読書日記197 【絶滅危惧職、講談師を生きる】

 講談師の神田伯山さんの本。まだ、真打ちになる前の松之丞さんの時代の本で、語りを杉江松恋さんが書くという感じで書かれている。講談師という全国に80人しかいない絶滅しかけている「語りべ」で人気講談師として活躍する松之丞さんの半生から話ははじまっていく。

 小さいときに父親をなくし、そして父親の先祖は今でいう柔術家で南米で生活をしていたという。(父親は柔道家)商社勤めをして忙しい父親が小さい頃にいなくなってしまったために、少し性格がひねくれたと語っている。

 神田伯山さんは毒舌でも知られている。そのおかげであまり友達がいないというのをラジオでネタでやっている。TBSラジオクラウドで聞いているんだけど、面白い。ただ人の悪口が多く、伊集院光さんはそれで完全に神田伯山さんを嫌っている(笑)

 講談に自信があるのはわかるし、生で聞いたことがあったりするのだけど、正直にいえば好き嫌いがはっきりとわかれると思う。落語もそうだけど滑舌が悪くて何言ってるかわからない時とかあるし、上手い人でも気分がのらないと、だだスベリしていることなんてしょっちゅうな世界なので、神田伯山さんがラジオでいうほどにというのはある。今はYouTubeに講談をご自分でアップしているので聞いてみると面白いかもしれない。

 若い頃の修行時代へと語りは続いていく。中高一貫の男子校へと進み、そして浪人をして大学へと進む。落語を聞き始めて、落語が好きな同級性ができる。六代目の三遊亭圓生に惚れこみ、そして立川談志に夢中になる。音源はYouTubeにあるので聞いてほしいけど、晩年の圓生は聞いていてももたもたしている(笑)。若い時代の録音がないらしく僕らは上手いとされるこの落語を聞いていた。

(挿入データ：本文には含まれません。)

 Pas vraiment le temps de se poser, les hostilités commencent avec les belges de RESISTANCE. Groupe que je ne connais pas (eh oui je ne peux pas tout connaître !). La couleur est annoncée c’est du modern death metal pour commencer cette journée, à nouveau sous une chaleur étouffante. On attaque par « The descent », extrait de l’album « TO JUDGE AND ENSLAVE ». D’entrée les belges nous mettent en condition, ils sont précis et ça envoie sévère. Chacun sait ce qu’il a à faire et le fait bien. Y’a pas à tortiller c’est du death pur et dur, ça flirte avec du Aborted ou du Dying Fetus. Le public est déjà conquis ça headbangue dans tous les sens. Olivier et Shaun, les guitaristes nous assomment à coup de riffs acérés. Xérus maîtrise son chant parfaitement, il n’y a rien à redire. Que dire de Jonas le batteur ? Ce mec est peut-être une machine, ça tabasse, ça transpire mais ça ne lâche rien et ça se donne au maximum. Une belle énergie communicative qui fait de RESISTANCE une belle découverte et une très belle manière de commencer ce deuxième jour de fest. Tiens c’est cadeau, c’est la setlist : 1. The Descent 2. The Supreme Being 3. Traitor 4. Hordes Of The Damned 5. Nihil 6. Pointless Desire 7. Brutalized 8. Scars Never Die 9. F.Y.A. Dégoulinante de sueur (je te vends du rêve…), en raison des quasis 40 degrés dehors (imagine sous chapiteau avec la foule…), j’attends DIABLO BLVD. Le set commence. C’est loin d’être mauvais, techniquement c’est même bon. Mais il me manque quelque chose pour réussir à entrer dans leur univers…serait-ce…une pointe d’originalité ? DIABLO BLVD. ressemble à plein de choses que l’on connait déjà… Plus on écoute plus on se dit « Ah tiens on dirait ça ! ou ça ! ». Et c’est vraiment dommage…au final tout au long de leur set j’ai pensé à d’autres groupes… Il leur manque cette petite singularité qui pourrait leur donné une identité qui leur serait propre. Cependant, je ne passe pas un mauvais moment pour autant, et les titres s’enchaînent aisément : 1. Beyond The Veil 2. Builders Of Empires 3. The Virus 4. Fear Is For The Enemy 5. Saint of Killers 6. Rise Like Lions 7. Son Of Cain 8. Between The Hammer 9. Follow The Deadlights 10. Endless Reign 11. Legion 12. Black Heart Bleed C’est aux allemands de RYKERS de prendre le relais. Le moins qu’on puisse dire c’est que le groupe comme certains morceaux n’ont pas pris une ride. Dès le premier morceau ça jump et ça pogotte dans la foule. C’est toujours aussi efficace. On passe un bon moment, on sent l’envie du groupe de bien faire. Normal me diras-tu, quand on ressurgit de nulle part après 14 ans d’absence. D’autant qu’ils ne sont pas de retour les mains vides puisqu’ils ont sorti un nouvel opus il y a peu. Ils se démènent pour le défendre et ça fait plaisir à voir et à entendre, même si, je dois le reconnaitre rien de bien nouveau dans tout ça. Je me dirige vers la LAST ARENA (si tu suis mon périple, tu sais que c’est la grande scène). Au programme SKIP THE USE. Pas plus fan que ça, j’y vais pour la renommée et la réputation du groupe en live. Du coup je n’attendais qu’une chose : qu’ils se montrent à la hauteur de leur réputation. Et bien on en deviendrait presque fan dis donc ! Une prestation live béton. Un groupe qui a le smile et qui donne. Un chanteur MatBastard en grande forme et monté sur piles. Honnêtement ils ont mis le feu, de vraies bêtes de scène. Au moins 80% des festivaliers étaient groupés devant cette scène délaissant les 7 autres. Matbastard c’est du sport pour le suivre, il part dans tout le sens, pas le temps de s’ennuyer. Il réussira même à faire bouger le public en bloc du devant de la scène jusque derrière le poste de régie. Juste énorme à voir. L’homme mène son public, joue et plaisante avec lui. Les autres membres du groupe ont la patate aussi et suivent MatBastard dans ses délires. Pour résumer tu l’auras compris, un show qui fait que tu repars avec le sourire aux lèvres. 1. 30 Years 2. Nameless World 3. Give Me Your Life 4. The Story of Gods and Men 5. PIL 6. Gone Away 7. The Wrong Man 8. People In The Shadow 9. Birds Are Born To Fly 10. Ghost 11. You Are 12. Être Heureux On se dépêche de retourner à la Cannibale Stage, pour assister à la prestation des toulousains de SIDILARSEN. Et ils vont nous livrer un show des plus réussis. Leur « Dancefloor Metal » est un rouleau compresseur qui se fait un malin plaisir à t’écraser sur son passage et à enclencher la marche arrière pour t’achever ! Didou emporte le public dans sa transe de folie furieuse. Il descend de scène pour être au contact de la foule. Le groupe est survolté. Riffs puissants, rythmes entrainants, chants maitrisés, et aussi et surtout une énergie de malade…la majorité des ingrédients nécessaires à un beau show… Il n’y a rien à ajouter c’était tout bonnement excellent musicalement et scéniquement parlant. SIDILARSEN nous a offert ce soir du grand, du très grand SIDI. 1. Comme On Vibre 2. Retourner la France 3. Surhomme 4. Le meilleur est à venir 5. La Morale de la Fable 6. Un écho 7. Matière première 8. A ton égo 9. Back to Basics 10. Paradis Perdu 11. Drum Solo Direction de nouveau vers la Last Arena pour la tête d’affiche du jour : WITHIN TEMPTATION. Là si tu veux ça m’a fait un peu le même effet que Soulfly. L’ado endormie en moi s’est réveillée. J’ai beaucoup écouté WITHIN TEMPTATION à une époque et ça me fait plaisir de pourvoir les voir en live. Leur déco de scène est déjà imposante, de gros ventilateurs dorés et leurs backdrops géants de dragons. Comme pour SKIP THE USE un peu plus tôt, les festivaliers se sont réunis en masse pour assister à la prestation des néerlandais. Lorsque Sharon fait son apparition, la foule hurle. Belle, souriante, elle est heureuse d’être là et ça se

 古今亭 志ん朝という天才がいた。はきはきとして滑舌がよくて子供である僕らが聞いてもわかる落語をしていた。僕は「芝浜」という落語は談志や5代目圓楽より上手いと思っている(話が脱線しました)志ん朝の落語を聞いていると正直うまく聞き取れなくて、「ほんとうに名人?」なんて失礼なことを思ったこともあった。時代的に生前の圓生は聞いている世代ではないから音源で聞いたと書いてあるけど、よく良さがわかったなと感心する。大学も落研がなくひたすらに個人で落語を聞いていたというから落語愛は本物だ。そうしているうちに、談志が講談が好きということを知る。

画像1

 そして、談志を尊敬して、落語家になるかとおもいきや「講談師」の道へと進む。大学時代に寄席に通って生の落語を聞きまくる。そのなかで講談を知って深みにはまっていく。大学をでているために落語だと他の弟子より出遅れるというのもあったと、同級生で落語仲間の植松さんは取材で語っている。芸人ってしたたかでなくてもいけないから、目のつけたかもよかったのかもしれない。

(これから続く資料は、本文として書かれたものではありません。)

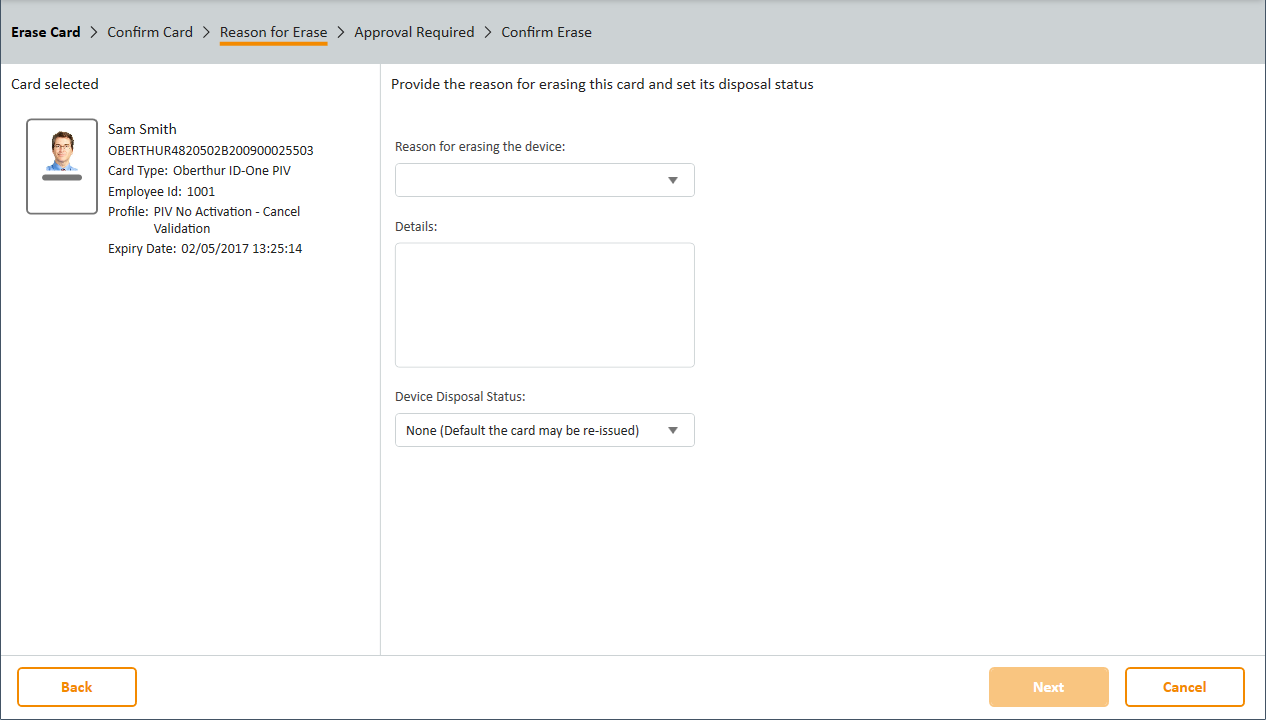 - Details – type further information on your reasons for erasing the card. This information is stored in the audit record.

 そして特に好きでもない講談師の神田松鯉の門をたたく。何も習ったことがないというのが神田松鯉の条件だったというのは驚く。作法を習っていたら弟子入りは難しかったらしい。そして松之丞という名前へをもらう。そこらへんからは若い方なので知っている人も多いと思うし、「今一番チケットのとれない講談師」としても有名だし、ラジオのリスナーも多い。寄席というちいさな囲いの中で格闘する落語家の話は多いし、漫画でも『昭和元禄落語心中』という有名な漫画がある。それに比べて確かに講談師の話ってすくない。

 ただ、つい最近には『ひらばのひと』という講談師の漫画も始まっているし、なんなら伯山さんが監修もしているらしい。講談師という明治や大正の芸事とか、昭和40年ぐらいのレトロさを味わいたい人は、面白いかもしれない。この本もおもしろく読ませてもらった。


 

この記事が気に入ったらサポートをしてみませんか?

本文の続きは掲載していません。